Dispensável, será dizer que esta iteração de #Hessa não foi a que os fãs sonharam – na tela ou no roteiro. Hardin tinha arestas que tanto McMartin quanto Chestna tentaram suavizar em suas respectivas adaptações. O galã de Todd dirigia um muscle car e conhecia passagens do Morro dos Ventos Uivantes – detalhes que os roteiristas mantiveram felizes -, mas também era dominador; sua provocação de paquera poderia parecer abusiva, e sua tendência a policiar o paradeiro de Tessa podia parecer controladora. Gage e Betterton trabalharam para atualizar sua história e a história ao seu redor, cortando uma cena de casa de fraternidade que quase se transforma em agressão sexual.

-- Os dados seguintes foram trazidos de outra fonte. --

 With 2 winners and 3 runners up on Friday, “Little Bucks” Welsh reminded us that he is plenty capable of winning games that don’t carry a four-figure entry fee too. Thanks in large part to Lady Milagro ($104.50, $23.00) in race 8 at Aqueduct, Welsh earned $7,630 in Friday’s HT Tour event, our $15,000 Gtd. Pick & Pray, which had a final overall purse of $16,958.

A colega de quarto de Tessa, Steph, tornou-se gay (e uma fumante de maconha), e um dos garotos da One Direction foi escrito como mulher.

Mais importante ainda, a equipe de Gage alterou consideravelmente a reviravolta chocante que encerrou o conto original de WattPad de Todd. Na versão de Todd, o caso de amor #Hessa é revelado como mais uma versão moderna de A Megera Domada – uma versão mais suja e séria de 10 Coisas Que Odeio em Você. Nas brutais páginas finais do livro, os amigos rindo de Hardin explicam a Tessa que ele trouxe os lençóis sangrentos do primeiro encontro sexual para provar que ganhou uma aposta. O filme envergonha a culpabilidade de Hardin em toda a história, permitindo que o protagonista saia com sua humanidade à la Patrick Verona.

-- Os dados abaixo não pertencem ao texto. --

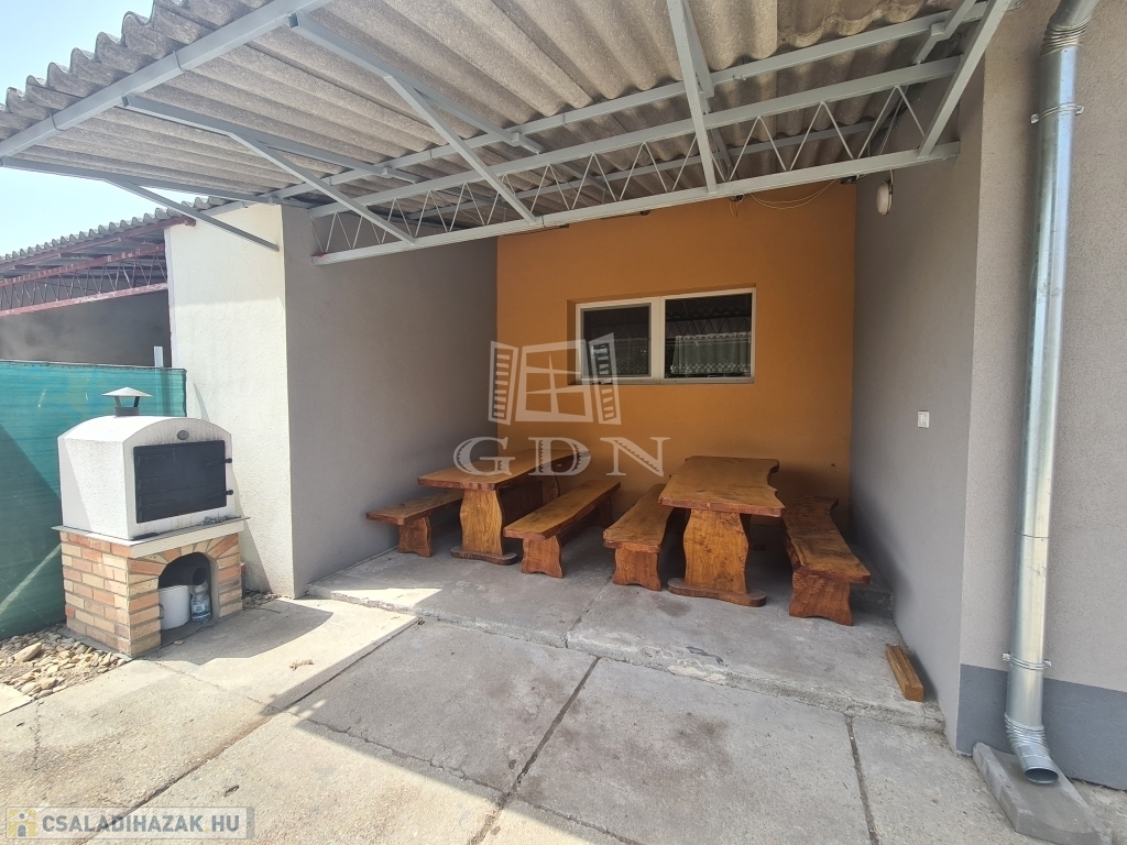 Az ingatlanból kilépve az első udvarra érünk , ahol remek lehetőség nyílik kerti sütögetésekre, családi összejövetelekre hiszen a palettát tovább bővíti egy fedett terasz.

Todd, sempre em contato próximo com seus fãs via Twitter e Instagram, os preparou para a maioria dessas mudanças. Ela estava ciente de que partes do modo como ela escrevia o relacionamento de Hardin e Tessa precisavam de revisões em 2019; Todd estava com 20 e poucos anos quando imaginou, afinal. Ela e Gage, que fizeram muitos jantares e telefonemas durante o processo de criação do protagonista masculino, enfatizaram que adoravam trabalhar juntas e quase sempre encontravam um meio-termo.

No entanto, as duas tinham visões divergentes de Hardin: a versão de Todd era uma mal-humorada de Harry Styles; o de Gage ainda é pensativo, mas decididamente mais gentil e PG-13 – ele não tem cabelos longos e encaracolados. “Isso definitivamente foi difícil porque eu sei, com Hero, ele não queria que isso acontecesse”, diz Todd, referindo-se à transformação de cara legal em After. “Eu não queria que isso acontecesse. Josephine não queria que isso acontecesse. Mas essa é uma das coisas que a diretora queria que acontecesse. Então nós estávamos todos contra uma pessoa que era a diretora. Foi um pouco difícil encontrar o meio termo com isso.”

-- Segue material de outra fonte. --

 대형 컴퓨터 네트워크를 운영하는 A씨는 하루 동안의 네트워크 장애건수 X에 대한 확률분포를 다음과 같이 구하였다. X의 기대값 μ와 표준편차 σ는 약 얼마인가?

Adaptação, como a tradução, é uma tênue negociação entre originalidade e originalismo. Como boa parte da ficção de jovem-adulto, After segue uma protagonista adolescente que é impulsionada para uma situação desconfortável e depois forçada a amadurecer rapidamente. Mas a história de Todd não tem lobisomens, vampiros, magos ou doenças crônicas. Não é pós-apocalíptico; o destino do mundo não está em jogo. É sobre uma retraída caloura de faculdade, um bad-boy e um primeiro amor tumultuoso. A razão pela qual ganhou a visibilidade foi porque também era uma história da One Direction; parte do gancho estava deixando os leitores namorarem Harry Styles.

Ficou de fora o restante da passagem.